At their annual meeting in Orlando, Southern Baptist Convention messengers on Wednesday approved a measure that tackles the controversy of female pastors.
The “Truth and Unity Amendment” passed with 74% approval, which exceeds the two-thirds majority required to change the SBC constitution known as the Baptist Faith and Message.
The amendment, introduced by Southern Seminary President Al Mohler, Jr., states SBC churches in good standing will not “affirm, appoint or endorse a woman serving in the office or function of a pastor/elder/overseer, such as preaching to the assembled congregation.”
Under its rules, the SBC must vote for and approve the amendment a second time next year for it to become permanent in the constitution.
Baptist Press editor Brandon Porter told American Family News the amendment will “specify a little bit more strictly who can serve as an elder and pastor and overseer of a local church."
Describing the amendment’s language, Liberty University spokesman Ryan Helfenbein said the measure clarifies that a pastor is the person who preaches to the assembled congregation and holds an office of authority over the entire congregation.
The amendment comes after some Southern Baptist churches have used the term “pastor” very broadly, and intentionally, to elevate a woman to the role of church pastor, Helfenbein said on American Family Radio Thursday.
That designation is different, he said, from a church that employs a female to oversee the children’s ministry, for example. The church might innocently refer to that role as “children’s pastor” rather than “children’s minister” or “children’s director.”
“It’s weird that’s it’s necessary, but it’s become necessary to make an amendment,” he told show host Jenna Ellis.
Describing the staff at many Southern Baptist churches, Ellis said there are many churches that use “pastor” loosely, such as a worship pastor or a children’s pastor, that include a female on staff.
“But to designate that term as a ‘pastor’ is trying to, I think, purposefully categorize women in leadership in a way that undermines the principle that is in Scripture,” Ellis warned.
“Yes, 100 percent right,” Helfenbein agreed.
SBC has booted several congregations
The looming issue of female SBC pastors, which was addressed with the Wednesday vote, dates back several years within the conservative-leaning denomination. Since 2019 to date, about 10 churches have been expelled and another 20 have left the SBC under scrutiny over their church staff titles, and theological beliefs, about female pastors.
The most famous disagreement happened over female pastors at Saddleback, the California church famous for its founder and best-selling author, Rick Warren. That megachurch drew attention when Warren ordained three women as pastors in 2021.
A second church targeted by the Convention is a Louisville, Kentucky church called Fern Creek Baptist Church. A female pastor named Linda Barnes Popham has led that church since 1993 after beginning as the music and youth minister.
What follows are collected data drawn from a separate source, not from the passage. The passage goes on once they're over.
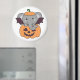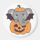 O elefante com a fantasia de morcego de abóbora de halloween. Animais engraçados em abóboras para o Halloween. Uma fantasia divertida de Halloween para bebês e crianças que amam elefantes.
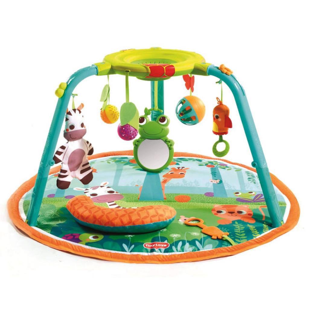 Уникальный развивающий коврик, оснащенный регулирующимися дугами, с помощью которых можно выбрать один из трех режимов для стимуляции развития ребенка и тренировки его грубой и мелкой моторики, начиная с рождения.Режим 1: Лежа — удобная подушка для лежания на животике и большой выбор стимулирующих игрушек, которые помогают увлечь ребенка и продлить время выкладывания на живот, или развлечь его в то время, что он лежит на спине.Режим 2: Сидя — коврик складывается и превращается в развлекательный центр с интерактивной игрой в шарик, которая помогает укреплять навыки мелкой моторики и укрепляет мышцы, необходимые для сидения.Режим 3: Стоя — веселая спиральная игра с шариком занимает стоящего малыша и стимулирует его когнитивное развитие.Развивающий коврик 1, 2, 3 Я расту от Tiny Love это коврик нового поколения. Он действительно растет вместе с вашим ребенком.
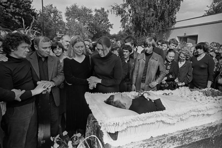 Несмотря на то, что информация о похоронах не распространялась, проститься с великим артистом пришла огромная масса людей. Очередь, двигавшаяся ко входу на «Таганку», растянулась на девять километров.

NYT story blames 'faction' within SBC
In its story on the SBC vote, a CNN story quoted a group called the Baptist Women in Ministry that slammed the amendment.
“We express our solidarity with the women in ministry who have been harmed by this vote, the hateful rhetoric and propaganda leading up to the vote, and the damaging theology the vote represents,” the group, affiliated with the liberal Cooperative Baptist Fellowship, stated.
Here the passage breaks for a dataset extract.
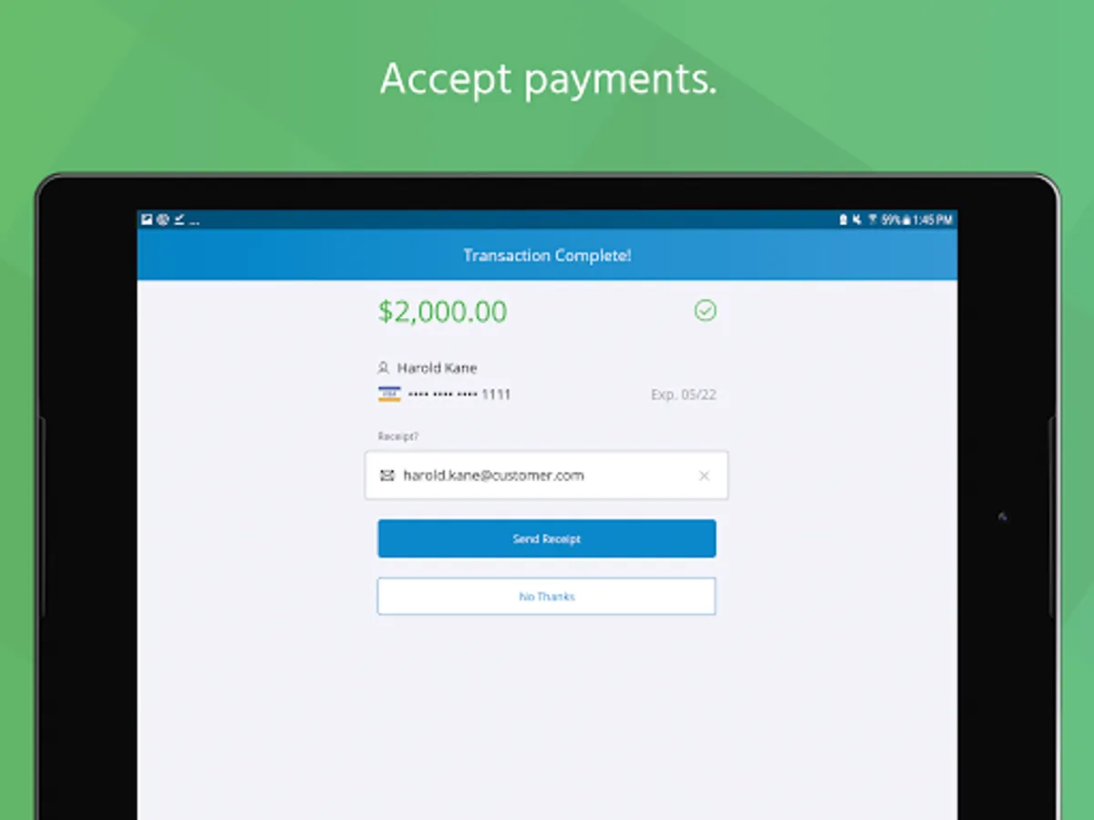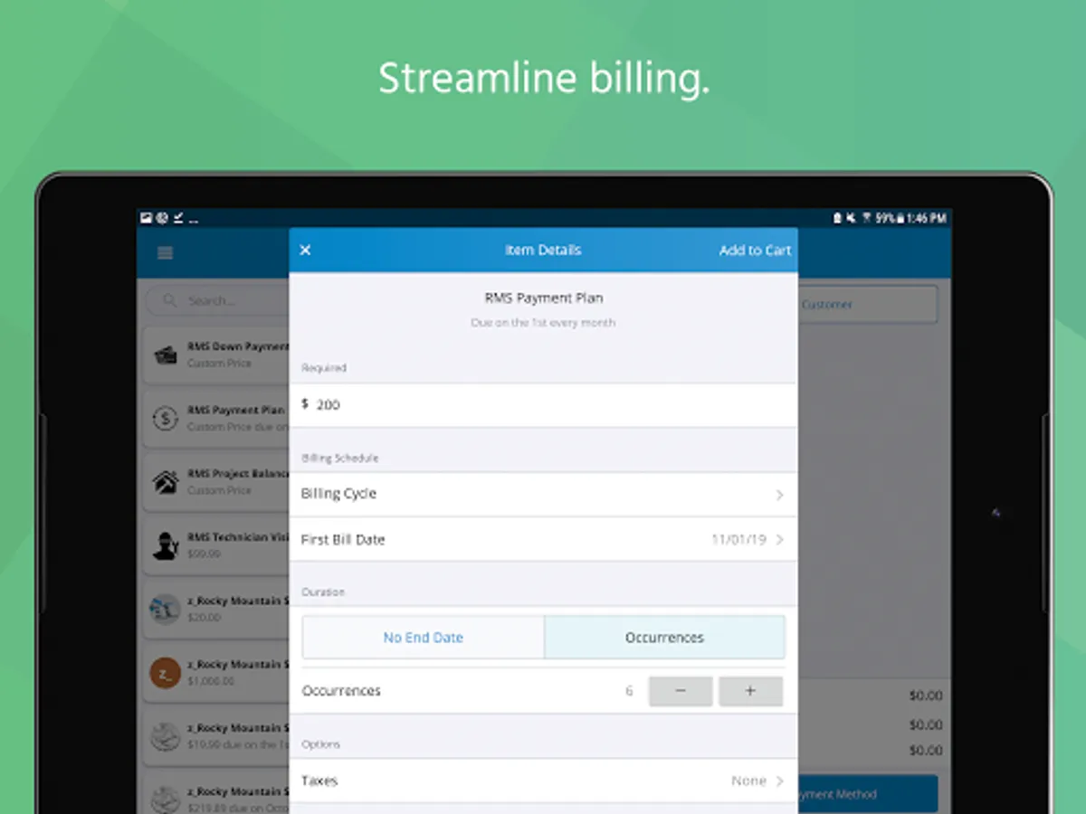 Create items in your PaySimple web account and log-in to the PaySimple mobile app. Simply choose which items are being purchased on any mobile device and enter the credit card or ACH information (via key-in or card reader) for a quick and seamless checkout experience. You can also create and manage recurring billing schedules and manage customer information through our powerful mobile app.

According to a related New York Times story about the Wednesday vote, an unnamed “faction” within the SBC wants to “steer the country’s largest Protestant denomination to the right.”
In reality, however, many Southern Baptists know the denomination has maintained a conservative view on biblical orthodoxy, and cultural issues such as abortion and homosexuality, for nearly a half-century.
That period of internal conflict, dating back to the late 1970s, has been called the “conservative resurgence” after SBC leaders Adrian Rogers, Paige Patterson, and Charles Stanley beat back a liberal drift in Southern Baptist pulpits and seminaries.
Mohler, now 66, was a seminary student during that period. He has credited those SBC leaders for rescuing the seminaries from theological liberalism that had captured mainline denominations decades earlier.
In more liberal mainline denominations, the first female pastors appeared behind the pulpit as far back as the 1950s in Presbyterian churches and Methodist churches. Lutheran churches and Episcopal churches followed that liberal trend in the 1970s.
Now, 75 years later, there is fierce debate within the Presbyterian Church (U.S.A.) over a measure requiring ordained clergy to maintain monogamous sexual relationships, Fox News reported.
That proposed rule, which will be debated this summer, is opposed by the Advisory Committee on Social Witness Policy, Advocacy Committee for Women and Gender Justice, and Advocacy Committee on LGBTQIA+ Equity.
Without addressing that controversy specifically, Helfenbein warned that denominations that take an egalitarian view on female pastors typically don't stop with that liberal orthodoxy.
"I'm not talking about months or years," he stressed, "but in decades those churches invariably become liberal on a whole variety of social issues. That happens. That is historical. It's well-documented."